I don't know what's available in the UK but I assume you should have a large number of DC forklifts to choose from. You say AC motors are common but are you talking about industrial stationary motors or traction motors? They aren't the same.
Series DC motors won't do regen very well.


----------



## Jordysport (Mar 22, 2009)

JRP3 said:


> I don't know what's available in the UK but I assume you should have a large number of DC forklifts to choose from. You say AC motors are common but are you talking about industrial stationary motors or traction motors? They aren't the same.
> Series DC motors won't do regen very well.


i apolygise, but you are talking to a brick wall here lol, total newbie. 

found this site the first one i've found for the uk. http://www.everything-ev.com/ 

I am now thinking more on the lines of a Reliant Kitten (Google it) i had 15 of these once so i have lots of parts. and it only weighs 500kg odd. 
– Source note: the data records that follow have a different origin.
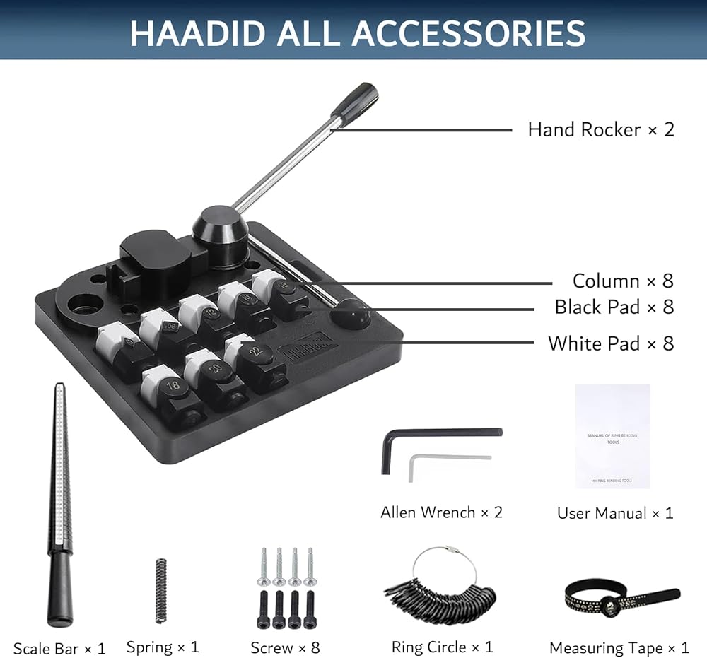 This ring making kit also includes high toughness nylon dies, and ring sizer measuring tool, ring mandrel, ring sizer guage, ring sizer belt, which may be needed when you are making rings.
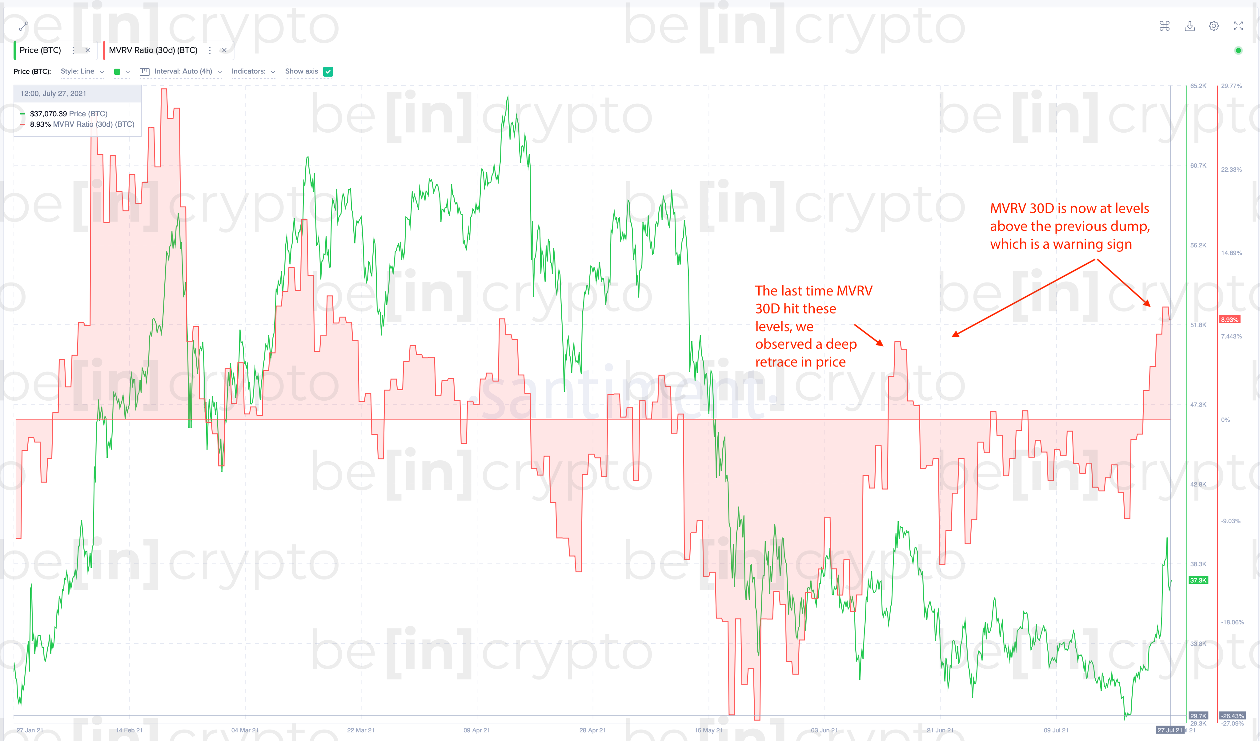Впрочем, риски резкого разворота цены биткоина все еще реальны. Например, метрика рыночной стоимости биткоина к фактической (MVRV) в месячном интервале сигнализирует о риске перекупа ведущей криптовалюты.
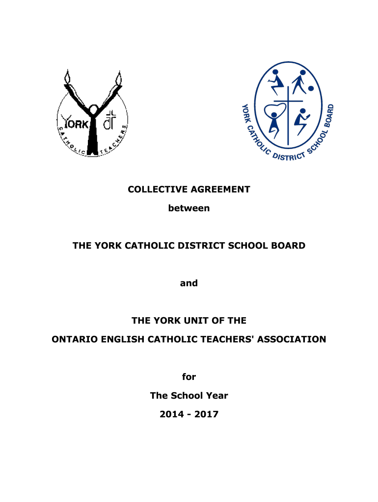 COLLECTIVE AGREEMENT between YORK CATHOLIC DISTRICT SCHOOL BOARDandTHE YORK UNIT OF THE ONTARIO ENGLISH CATHOLIC TEACHERS ASSOCIATION for The School Year 2014 2017Table of Contents PART A (Central
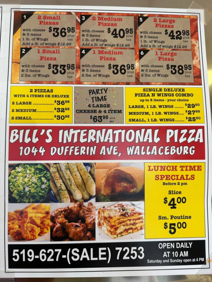 Business May 1, 2023 Pickle fries at Bill’s International Pizza One size only for $7.95 plus tax and Delivery. We get it to you piping hot and just the way you ordered it!  Open Monday – Friday 11am – midnight, Saturday 4pm – midnight and closed Sundays. Previous articleHomeward Realty- Just ListedNext articleMissing male and female cats – Wallaceburg - Advertisment -
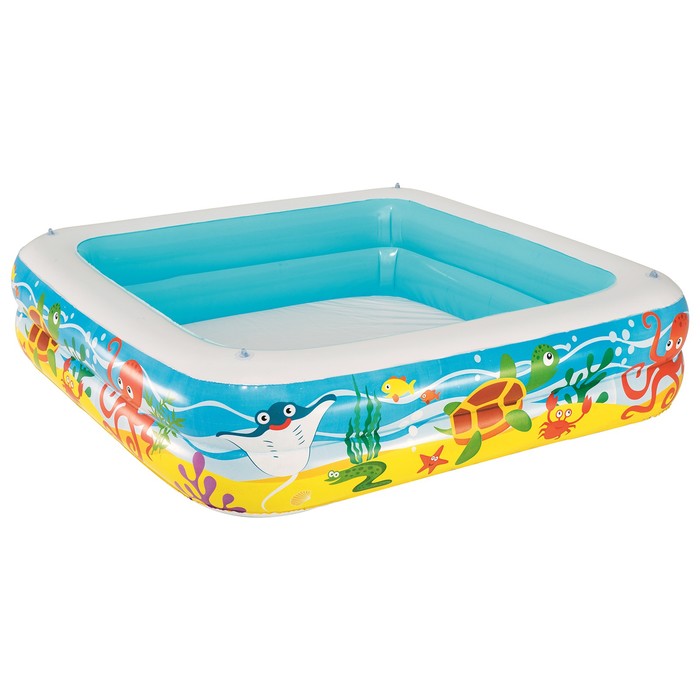 Габариты: 10,5 x 33 x 30 Артикул поставщика: 52192 Страна: Китай В боксе: 3 шт Состав: ПВХ Материалы: ПВХ Фасовка: по 1 шт Индивидуальная упаковка: Картонная коробка Габариты товара: 147 см × 147 см × 122 см Сертификат: ЕАС Причина уценки: помята коробка; порвана коробка Форма: Квадратная Вид бассейна: Надувной Длина, см: 140 Ширина, см: 140 Высота, см: 114 Возраст: От 2 лет Вес нетто, кг: 2,58 Объём, л: 265 Материал: ПВХ Особенности: Тент Надувное дно: Нет Темпер. ограничение НЕ НИЖЕ ℃: 0 Бассейн «Морские глубины» подарит ребенку массу положительных эмоций в жаркий день. С ним ребёнок разнообразит досуг и освежится в летний зной. Съёмный навес обеспечивает защиту от солнца, и малыш сможет наслаждаться игрой, защищенный от палящего солнца. Яркий бассейн изготовлен из безопасных и прочных материалов, устойчивых к различным погодным условиям, прыжкам и проколам. Особенности
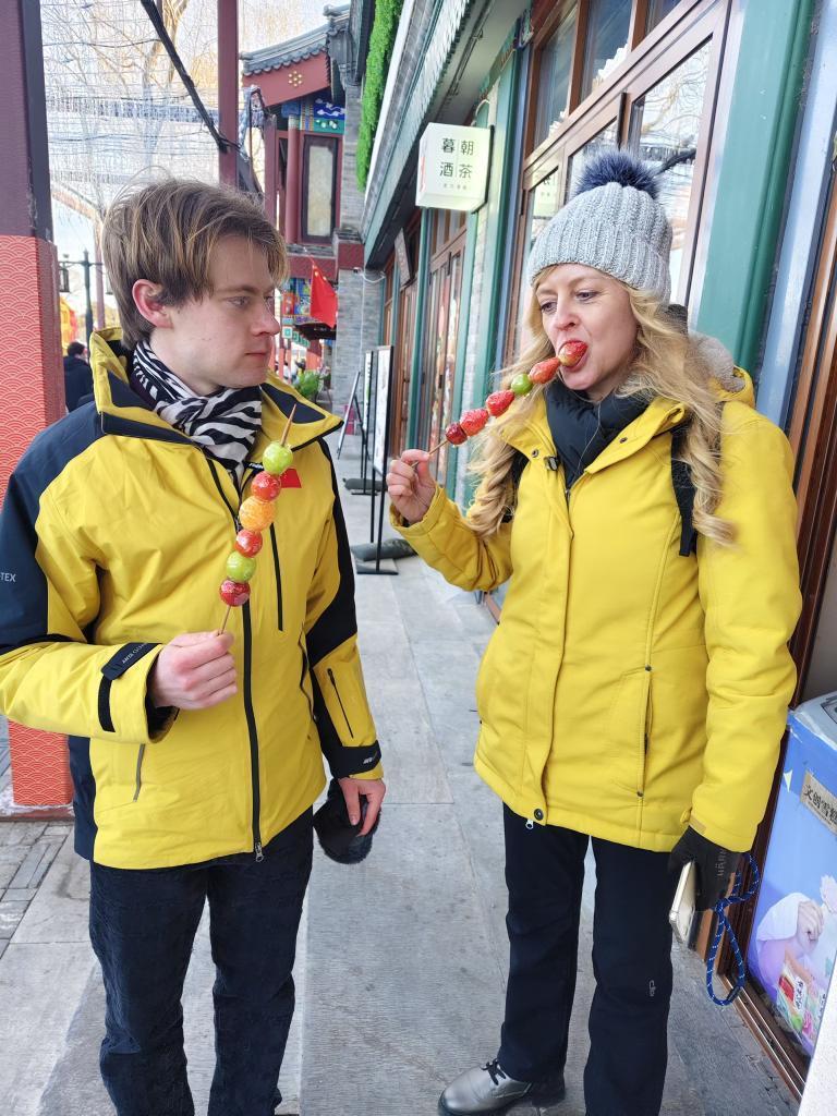 乌尔丽克与埃米尔在什刹海吃糖葫芦。新华社记者于佳欣 摄

So off of that site what power am i looking at?? 

Many Many thanks


----------



## Jordysport (Mar 22, 2009)

OMG,  this place http://www.everything-ev.com/ is only 15 miles from me!!!!


----------



## JRP3 (Mar 7, 2008)

I'm not familiar with the AC motors they are offering, they don't give a lot of specs, such as weight and motor RPMs, but they do mention "low speed vehicles", which concerns me. Here's another UK EV site I had in my bookmarks, not much on the page but they deal with Netgain Warp motors
http://www.go-ev.co.uk/electric.html 
Those are series brushed DC motors with a good reputaion. I'll have to think about what kind of power you'll need and get back to you. For the kind of range you are talking about you'll certainly have to go with lithium batteries, probably at least $8000.00 worth as a quick estimate.


----------



## Jordysport (Mar 22, 2009)

Definate DC route then and 5k is quite alot. will have to alter my design brief i think.

How about:

http://www.everything-ev.com/12v48v...r-p-292:50497bc5a2517210bf0d3596da28ff11.html
http://www.everything-ev.com/24v48v...r-p-429:e185ada08898b8dcbac5b64376939085.html
http://www.everything-ev.com/odysse...y-p-374:e579ae4d94882117267388f4e12872c0.html

Problem is that that will last only 18 mins at 7kw.


----------



## JRP3 (Mar 7, 2008)

Yeah you need to nail down your range and performance criteria before you do much else. Generally I'd say if you need/want much more than 30 miles of range you're going to need to go with lithium. If your vehicle is around 500kg I'd say that Perm motor is too small to last long.


----------



## Jordysport (Mar 22, 2009)

JRP3 said:


> Yeah you need to nail down your range and performance criteria before you do much else. Generally I'd say if you need/want much more than 30 miles of range you're going to need to go with lithium. If your vehicle is around 500kg I'd say that Perm motor is too small to last long.


300kg 
30miles>
60mph 

will sacrifice mph for range. 

Was thinking of mating the motor to a Motorbike gearbox??


----------



## Jordysport (Mar 22, 2009)

using Uve's ive mananged to get 300 miles range at 90 MPH  thats using the aerodynamic properties of the aparta which i plan to do. an the weight is about 550kg using 70Ah batteries and a 20hp motor. 
Is this calculator acurate or is the user at fault.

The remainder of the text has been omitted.